Given data:

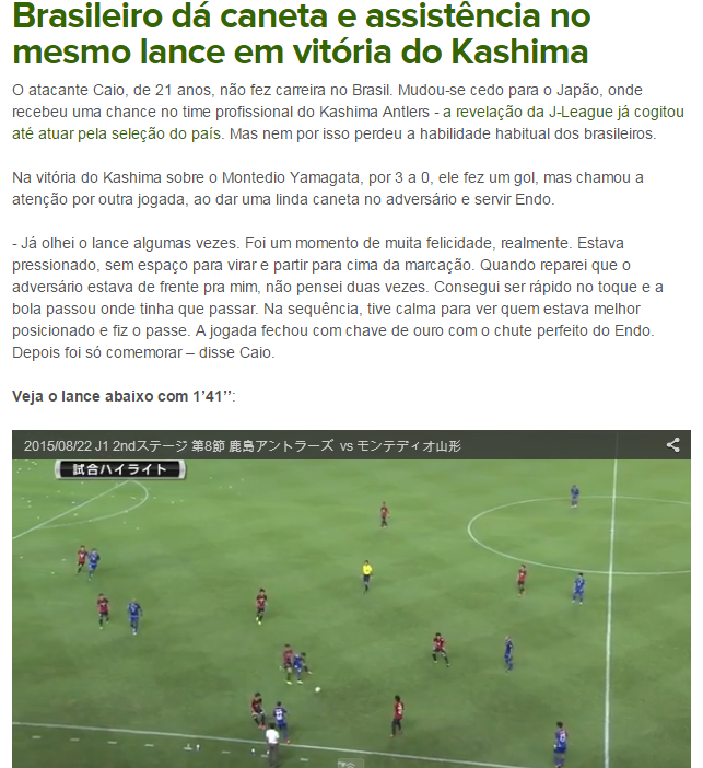 とはいえ、「21歳のカイオはブラジルでキャリアを形成しなかった。早くに日本へ移り、鹿島アントラーズでプロになるチャンスを得た」などというこれまでのキャリアと、「素早くタッチできて、通したいところにボールを通せた」という本人のコメントまでしっかり伝えられていた。
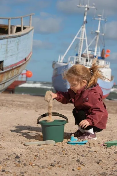 Zestaw składa się z 6 elementów: dużego wiaderka, małej łódki, grabek, łopaty, głębokiego sitka i foremki w pięknych kolorach Blue Marine i zapewnia wiele okazji do zabaw sensorycznych i eksploracji przyrody z piaskiem i wodą.
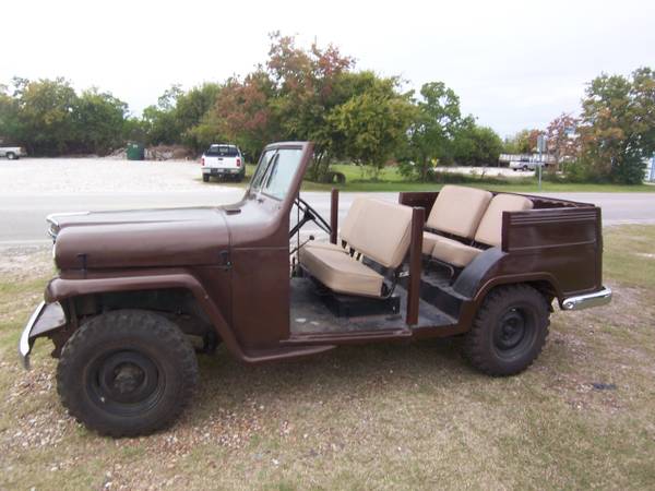 “1952 WILLYS JEEP ON 1963 CHASSIS. Over $7100.00 in receipts, at least $1,000.00 more work done without reciepts. Included are two parts jeeps. One of the parts jeeps has a clear California title on a rolling frame. The other parts jeep is just for body parts. The engine in the jeep now is from the parts jeep. It runs and you can drive it but it is not street legal. Not inspected. It needs turn signals and brake lights. The engine from the original jeep has been completely rebuilt bored .030 over. I’m just waiting on the new water pump to arrive to complete this rebuilt engine. The new engine has been test run. New upolstery, paint, rebuilt transmission, etc. The tires are like new, including the spare. It is registered until 2014. I have a clear blue title in my name. There is enough spares to build a complete second jeep. The engine is a Jeep 230 tornado. 4 wheel drive. The body has been modified to make a good hunting jeep. One of the parts jeeps in the pictures has all the wood parts removed and is now a rolling chassis with transmission. Located in San Leon TX close to Kemah and Bacliff on Galveston Bay. Open to trades. Would like a pickup or older Suburban . But let me know what you have. If you see this ad they are still for sale. $3,500.00 for all 3 jeeps.
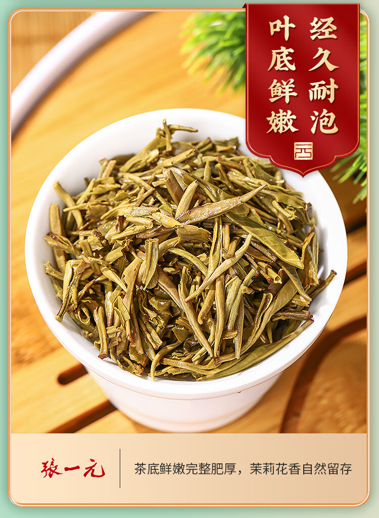 • 张一元茉莉花茶特种雪芽100g+特级雪峰100g配手提袋 年货送礼礼赠礼品

Prompt:
Print each line from the one containing "all 3 jeeps." through the last line of the listing, both included, exactly and with no pictures.

The completed task:
 “1952 WILLYS JEEP ON 1963 CHASSIS. Over $7100.00 in receipts, at least $1,000.00 more work done without reciepts. Included are two parts jeeps. One of the parts jeeps has a clear California title on a rolling frame. The other parts jeep is just for body parts. The engine in the jeep now is from the parts jeep. It runs and you can drive it but it is not street legal. Not inspected. It needs turn signals and brake lights. The engine from the original jeep has been completely rebuilt bored .030 over. I’m just waiting on the new water pump to arrive to complete this rebuilt engine. The new engine has been test run. New upolstery, paint, rebuilt transmission, etc. The tires are like new, including the spare. It is registered until 2014. I have a clear blue title in my name. There is enough spares to build a complete second jeep. The engine is a Jeep 230 tornado. 4 wheel drive. The body has been modified to make a good hunting jeep. One of the parts jeeps in the pictures has all the wood parts removed and is now a rolling chassis with transmission. Located in San Leon TX close to Kemah and Bacliff on Galveston Bay. Open to trades. Would like a pickup or older Suburban . But let me know what you have. If you see this ad they are still for sale. $3,500.00 for all 3 jeeps.
 • 张一元茉莉花茶特种雪芽100g+特级雪峰100g配手提袋 年货送礼礼赠礼品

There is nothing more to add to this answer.